INSTRUCTIONS TO FOLLOW: Restate exactly, and only, the lines spanning from the one with "A lesson focused" to the end of the records below.

Stored items from a collection:

[Start of section]

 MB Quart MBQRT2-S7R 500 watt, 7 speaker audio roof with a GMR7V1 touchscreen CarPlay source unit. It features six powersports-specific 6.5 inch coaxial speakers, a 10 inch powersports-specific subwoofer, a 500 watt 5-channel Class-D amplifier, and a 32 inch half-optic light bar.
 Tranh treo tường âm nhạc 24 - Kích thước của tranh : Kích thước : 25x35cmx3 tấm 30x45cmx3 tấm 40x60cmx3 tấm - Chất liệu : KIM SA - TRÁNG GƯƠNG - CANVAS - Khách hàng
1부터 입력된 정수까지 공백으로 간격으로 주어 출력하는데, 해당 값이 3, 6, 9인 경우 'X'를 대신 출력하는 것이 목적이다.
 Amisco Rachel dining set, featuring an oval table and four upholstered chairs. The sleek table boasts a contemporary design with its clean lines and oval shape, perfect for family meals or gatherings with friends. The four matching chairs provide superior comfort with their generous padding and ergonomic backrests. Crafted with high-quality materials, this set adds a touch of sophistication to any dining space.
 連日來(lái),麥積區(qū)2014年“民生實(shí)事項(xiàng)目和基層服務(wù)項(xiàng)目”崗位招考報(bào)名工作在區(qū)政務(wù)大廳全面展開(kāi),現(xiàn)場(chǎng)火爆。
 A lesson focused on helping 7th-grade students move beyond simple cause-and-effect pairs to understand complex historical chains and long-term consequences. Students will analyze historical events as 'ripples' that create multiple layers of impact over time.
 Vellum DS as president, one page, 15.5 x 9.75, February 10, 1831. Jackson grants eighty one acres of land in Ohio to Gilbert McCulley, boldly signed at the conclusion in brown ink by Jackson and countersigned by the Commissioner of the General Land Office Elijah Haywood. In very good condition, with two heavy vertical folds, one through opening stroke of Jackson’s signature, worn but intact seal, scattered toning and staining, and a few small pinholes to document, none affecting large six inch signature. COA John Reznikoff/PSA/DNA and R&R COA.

[End of section]

RESULT BELOW:
 A lesson focused on helping 7th-grade students move beyond simple cause-and-effect pairs to understand complex historical chains and long-term consequences. Students will analyze historical events as 'ripples' that create multiple layers of impact over time.
 Vellum DS as president, one page, 15.5 x 9.75, February 10, 1831. Jackson grants eighty one acres of land in Ohio to Gilbert McCulley, boldly signed at the conclusion in brown ink by Jackson and countersigned by the Commissioner of the General Land Office Elijah Haywood. In very good condition, with two heavy vertical folds, one through opening stroke of Jackson’s signature, worn but intact seal, scattered toning and staining, and a few small pinholes to document, none affecting large six inch signature. COA John Reznikoff/PSA/DNA and R&R COA.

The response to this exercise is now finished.